Monday, 24 November 2014

Royal Mail: the real threat of Amazon going it alone on parcel delivery

News in The Guardian that Royal Mail shares slumped by 8.4% on Wednesday after the newly privatised postal service warned that its profits would be hit by Amazon launching its own delivery service should have been a no-brainer....

Royal Mail said its parcel growth rate would decline from 4%-5% to 1%-2% for at least two years because of Amazon’s decision.

Amazon launched its first same-day delivery service in the UK last month.
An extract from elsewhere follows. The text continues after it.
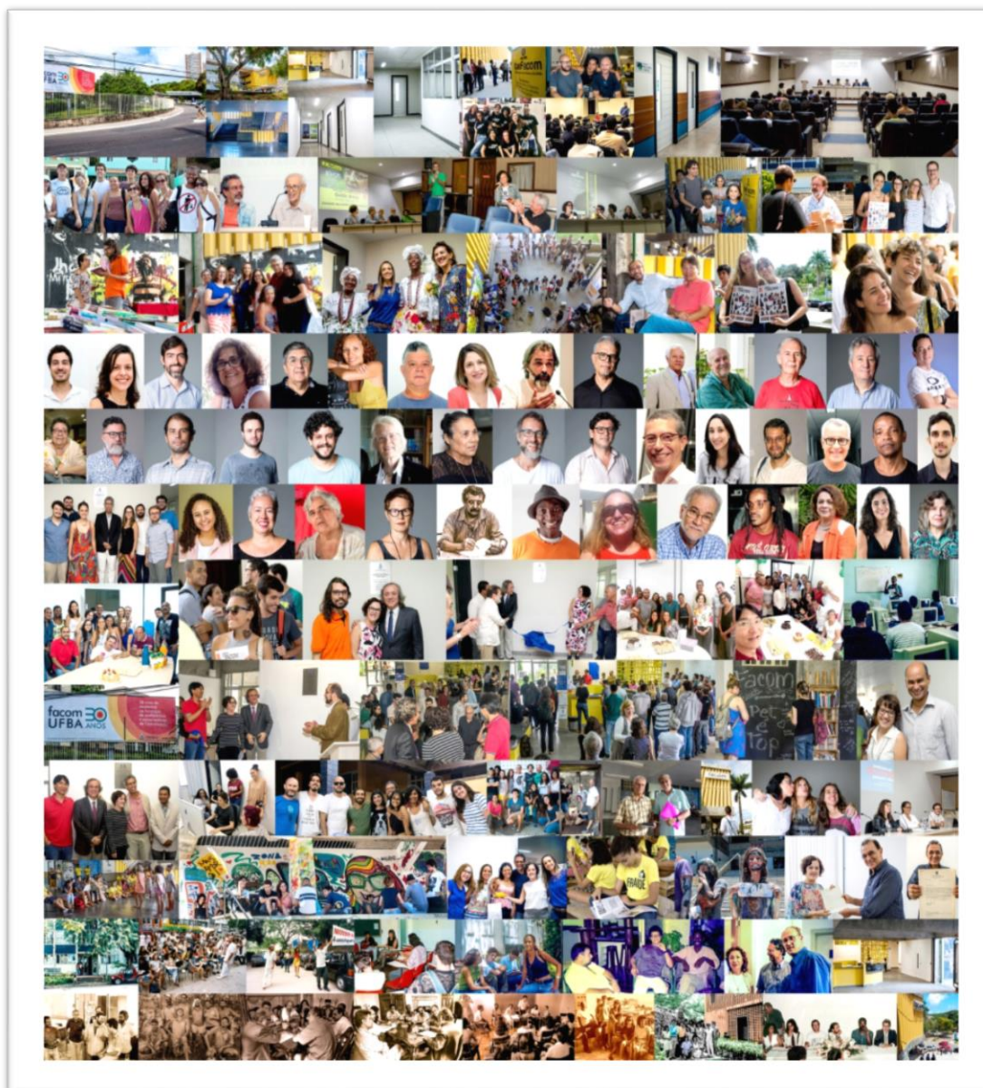
Painel fotográfico plotado na Sala da Secretaria da Direção

The new service, called Pass my Parcel, promises to deliver parcels on the same day ordered to hundreds of newsagents across the country.

However, anyone taking a cursory glance at Amazon’s history will realise that Royal Mail, by focusing on the fact that Amazon are simply taking over delivery of their own traffic, are missing the real agenda…

Those with long memories will recall how a series of postal strikes helped the growth of fax-machines... And once the public had become accustomed to the use of alternative written communication, the transition to emails became so inevitable...

Like home-location ‘tie’ of land-line was made redundant by mobile technology, so too the increasing complexity of sending parcels via traditional carriers will become a driver for the growth of a simpler model...

With so much practice, it is surprising that Royal Mail still sees the introduction of Amazon’s own parcel delivery service in terms of the loss of one of its major customers and the 6% hit to Royal Mail’s parcel volume sales.

Anyone who has tried to run the pricing/volume challenge of parcel despatch at the local post office and fared equally badly using alternative providers (see BBC for details of the 16-page Royal Mail guidelines) will realise that the increasing complexity has to present an open goal for Amazon to introduce the parcel-delivery equivalent of 1-click ordering and no-quibble returns when they decide to enter the market for domestic and corporate deliveries…

Apart from making some savings, Amazon have to be taking on their own-delivery to learn the process...

This has to be the ultimate agenda, and NAMs might usefully factor this inevitability of this threat to ALL parcel delivery into their online strategies…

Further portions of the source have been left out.